The elements are all initially zeros. N and Q (numbers of elements and queries) are up to 1e5. And 0 <= l <= r <= 1e9.

An intuitive idea (if the number of bits was small) is:

- for the 1st query type: xor elements in the range [x,y] with (2^(r+1)-1 xor 2^(l)-1) (can be done easily using range update structures)
- for the 2nd query type: just check if the xth elements is equal to the yth elements using a point query

But the number of bits is very large, I noticed from people's solutions that they hashed 2^x for all x that appeared in the first query type (l and r) to represent them in smaller numbers.

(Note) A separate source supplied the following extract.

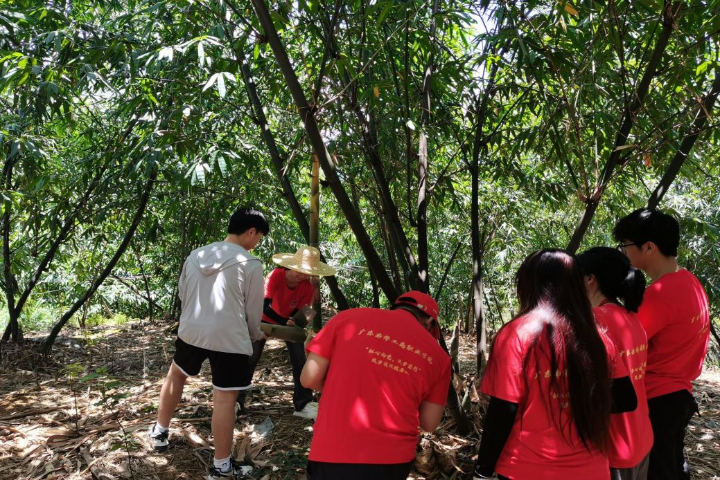 为了全面落实中共中央、国务院发布的《关于全面加强新时代大中小学劳动教育的意见》文件精神,教育引导学生崇尚劳动、尊重劳动,懂得劳动最光荣、劳动最崇高、劳动最伟大,同时为了能够让同学们体验“竹”正直、虚怀、奋进、质朴、担当品质,让同学们争做毅然挺拔、健康奋进的嫩竹,让劳动走进生活,让学习贴近生活,信息工程与商务管理学院“红心向党,筑梦前行”筑梦实践服务队前往麻竹笋种植基地开展挖笋、剥笋实践活动。

So any mask which was originally (2^(r+1)-1 xor 2^(l)-1) maps to a another mask which is (hash(r+1) xor hash(l)). and the original combination of 1e9+1 bits for any element will map to a combination of smaller number of bits.

This type of solution has two sides in the second query type:

- if the answer is Yes, it is guaranteed that this solution will output Yes.
- if the answer is No, it may happen that that two different combination of 1e9+1 bits map to the same combination in the smaller number of bits, and hence the solution will output Yes.

What is the probability that the problem in the second side happens if (for example) the hash for any 2^x was a long long in the form of (rand()<<32)|rand())?